Um dies zu erreichen, kombiniert das Projekt fortschrittliche Schwingungsüberwachung mit ausgefeilten Datenanalysen, darunter:
- Fortschrittliche Schwingungs- und Zeit-Frequenz-Analysen
- Mehrdimensionale Signalverarbeitung und Sensorfusion
- Physikgestützte digitale Zwillinge und hybride KI
- Autonome Anomalieerkennung und vorausschauende Zustandsüberwachung
- Prognose der verbleibenden Nutzungsdauer und Vorhersage von Verschleißentwicklungen
- Generierung synthetischer Daten und intelligente Sensoroptimierung
Innovative Methoden zur kontinuierlichen Überprüfung der Datenintegrität stellen sicher, dass auch unter anspruchsvollen realen Betriebsbedingungen zuverlässige Erkenntnisse gewonnen werden können.
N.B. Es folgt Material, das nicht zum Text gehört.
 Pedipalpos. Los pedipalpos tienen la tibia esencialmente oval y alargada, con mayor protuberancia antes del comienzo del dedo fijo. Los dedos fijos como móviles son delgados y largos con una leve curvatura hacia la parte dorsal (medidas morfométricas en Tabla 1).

Die Auswirkungen gehen weit über die Wartung hinaus. Durch die Erkennung von Verschleiß, bevor Schäden auftreten, trägt die Zustandsüberwachung dazu bei, unvorhersehbare Ausfälle in vorhersehbare Wartungsmaßnahmen umzuwandeln. Dies senkt die Kosten, erhöht die Systemverfügbarkeit und stärkt die Betriebssicherheit.
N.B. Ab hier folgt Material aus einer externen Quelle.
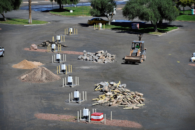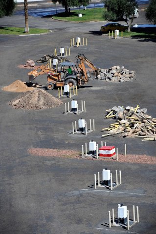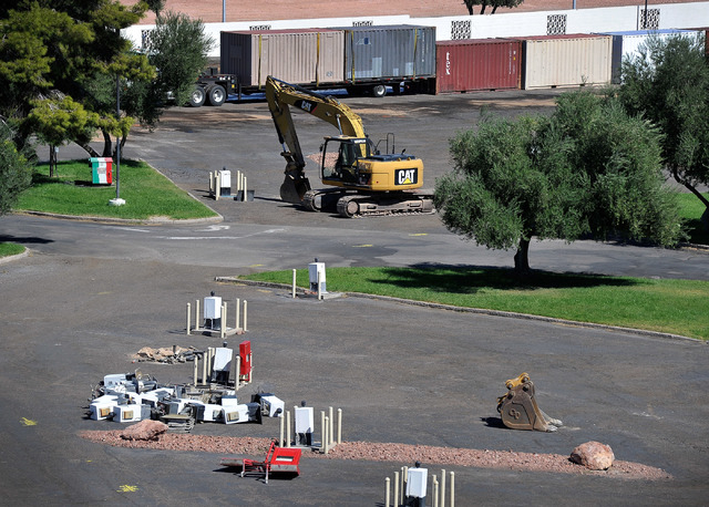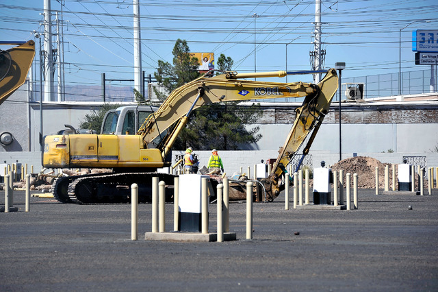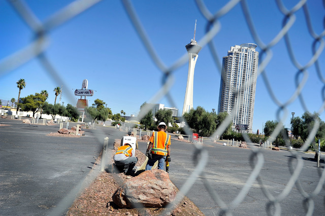 Construction crews work to dismantle the former KOA RV park at Circus Circus on Friday, Oct. 3, 2014. MGM Resorts International announced this week the Circus Circus RV park had closed and would be renovated to include 170 spaces. Some of the parkճ land will be used for the $40 million open-air concert venue that MGM Resorts is creating on 40 acres at the corner of Sahara Avenue and the Strip. (David Becker/Las Vegas Review-Journal)

Gleichzeitig trägt sie direkt zu einem sichereren Betrieb bei, indem sie das Risiko unerwarteter technischer Ausfälle und die damit verbundene Belastung für die Besatzungen an Bord verringert.
Und mit Blick auf die Zukunft ist eine zuverlässige Zustandsüberwachung eine der Schlüsseltechnologien für die autonome und unbemannte Schifffahrt. Schließlich müssen autonome Schiffe in der Lage sein, den Zustand ihrer eigenen Systeme zu erfassen, bevor Menschen nicht mehr Teil des Betriebsablaufs sind.
Ein besonderes Highlight des Projekts ist die gemeinsame Entwicklung fortschrittlicher Methoden zur frühzeitigen Kavitationserkennung zusammen mit der Wasserzollbehörde. Bei einer zuverlässigen Zustandsüberwachung geht es nicht nur um die Wartung. Sie ist ein wichtiger Baustein für sichere, zuverlässige und künftig autonome maritime Systeme.